▶ **TO DO**
Starting at the first line of the data, print each line verbatim up to and including the line bearing "Prompt: Heroine of", omitting pictures.

▶ **Records drawn from a dataset**
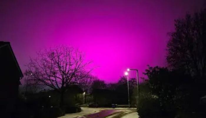این رویداد همزمان با بارش برف در منطقه وست میدلندز در مرکز انگلستان رخ داد؛ زمانی که مردم ناگهان متوجه شدند آسمان شب با هالهای صورتیرنگ روشن شده است.
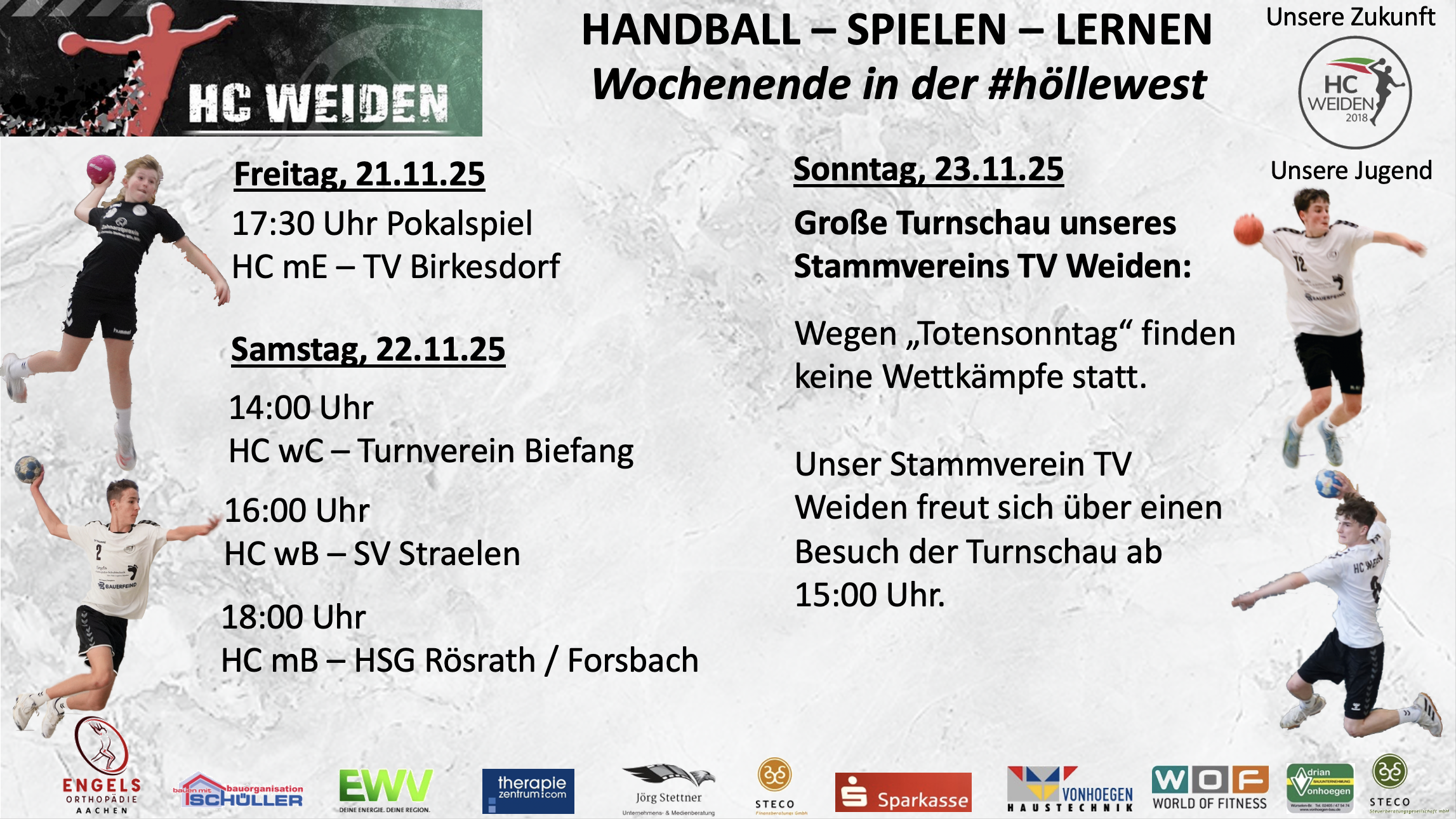 Der Samstag steht im Zeichen unserer überregional aktiven Jugendteams, Sonntag finden keine Handball-Wettkämpfe (Totensonntag) statt.
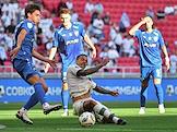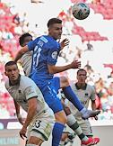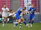 Мир Российская Премьер-Лига (РПЛ) 2025/2026. 1-й тур. Матч между командами "Пари Нижний Новгород" (Нижний Новгород) - "Краснодар" (Краснодар) на стадионе "Ак Барс Арена". Игрок команды "Краснодар" Густаво Фуртадо (в центре) и вратарь команды "Пари Нижний Новгород" Никита Медведев (слева) во время матча.
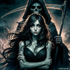 Prompt: Heroine of the seven mythical demon ages. Visual Japanese Manga Artwork and Anime style. Mystical, eerie and mysterious atmosphere. Epic Fantasy Masterpiece.
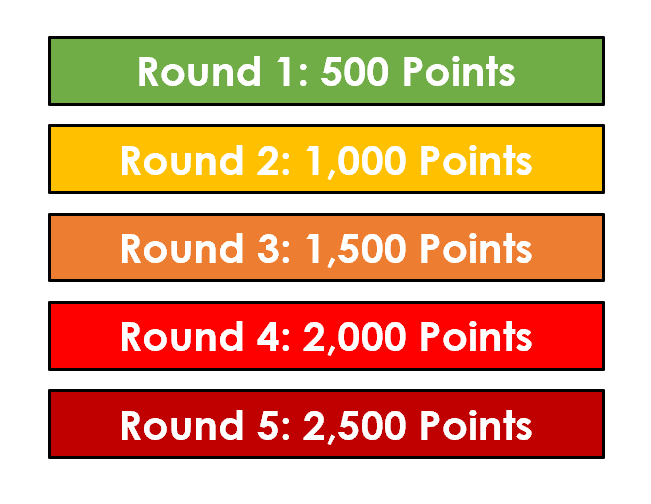 - How should points increase with each round? You want your points to increase enough to have each round feel like a significant increase, but not so much that players struggle to model and paint that amount to add to their armies. Increments of 250 or 500 points work best for this.
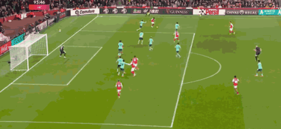 易邊再戰,阿森納繼續在場上圍攻狼隊,第68分鐘特羅薩德左路橫敲,賴斯調整后突然起腳遠射,但狼隊門將約翰斯通反應極快,飛身側撲化解了險情,不過2分鐘之后,薩卡制造了一粒神仙球,攻破了狼隊的大門,右側角球開出后,打在遠側球門立柱,皮球反彈到約翰斯通后背入網,幫助阿森納取得1-0的領先。
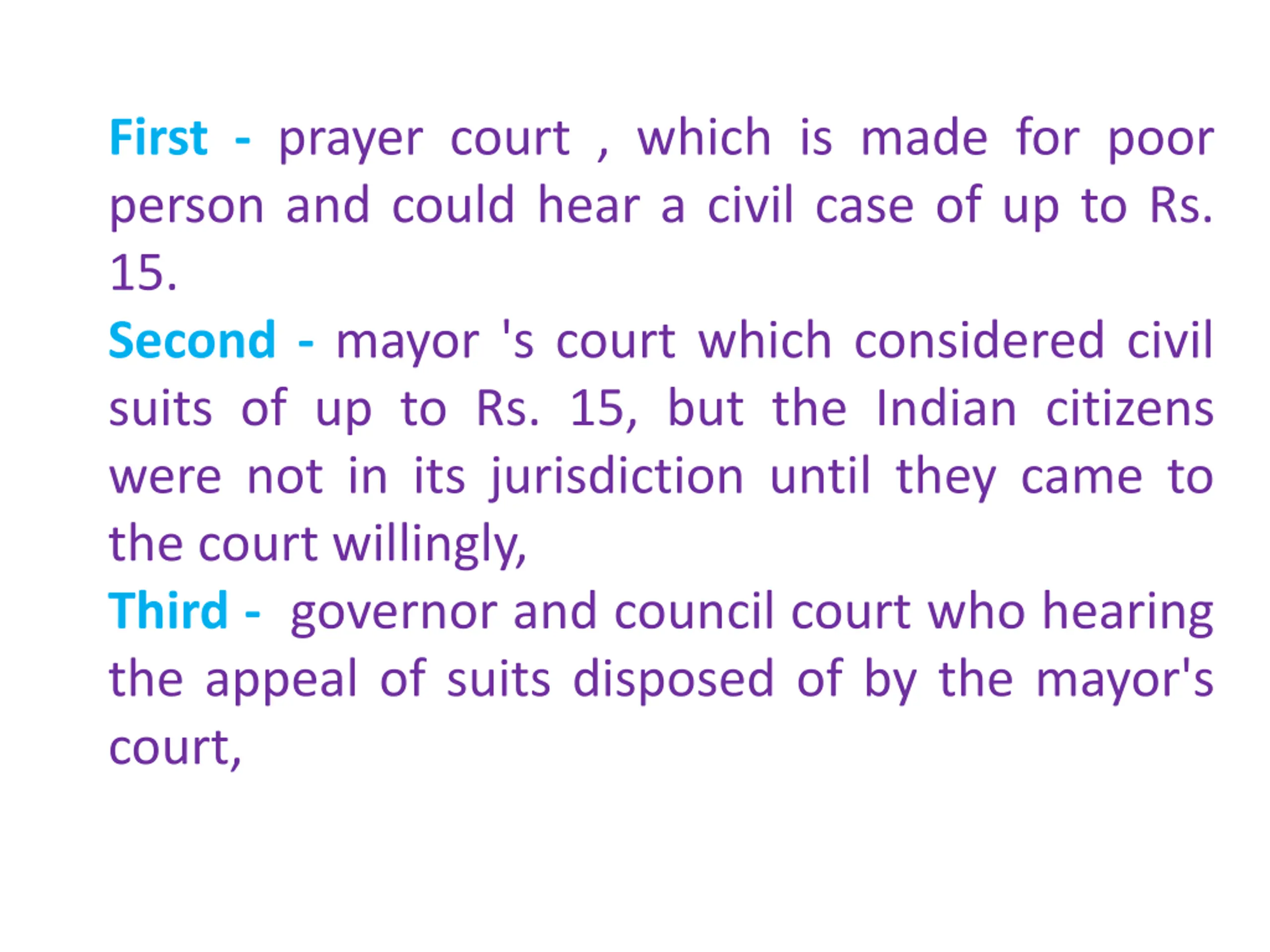 First - prayer court , which is made for poor person and could hear a civil case of up to Rs. 15. Second - mayor 's court which considered civil suits of up to Rs. 15, but the Indian citizens were not in its jurisdiction until they came to the court willingly, Third - governor and council court who hearing the appeal of suits disposed of by the mayor's court,

▶ **RESPONSE AREA**
این رویداد همزمان با بارش برف در منطقه وست میدلندز در مرکز انگلستان رخ داد؛ زمانی که مردم ناگهان متوجه شدند آسمان شب با هالهای صورتیرنگ روشن شده است.
 Der Samstag steht im Zeichen unserer überregional aktiven Jugendteams, Sonntag finden keine Handball-Wettkämpfe (Totensonntag) statt.
 Мир Российская Премьер-Лига (РПЛ) 2025/2026. 1-й тур. Матч между командами "Пари Нижний Новгород" (Нижний Новгород) - "Краснодар" (Краснодар) на стадионе "Ак Барс Арена". Игрок команды "Краснодар" Густаво Фуртадо (в центре) и вратарь команды "Пари Нижний Новгород" Никита Медведев (слева) во время матча.
 Prompt: Heroine of the seven mythical demon ages. Visual Japanese Manga Artwork and Anime style. Mystical, eerie and mysterious atmosphere. Epic Fantasy Masterpiece.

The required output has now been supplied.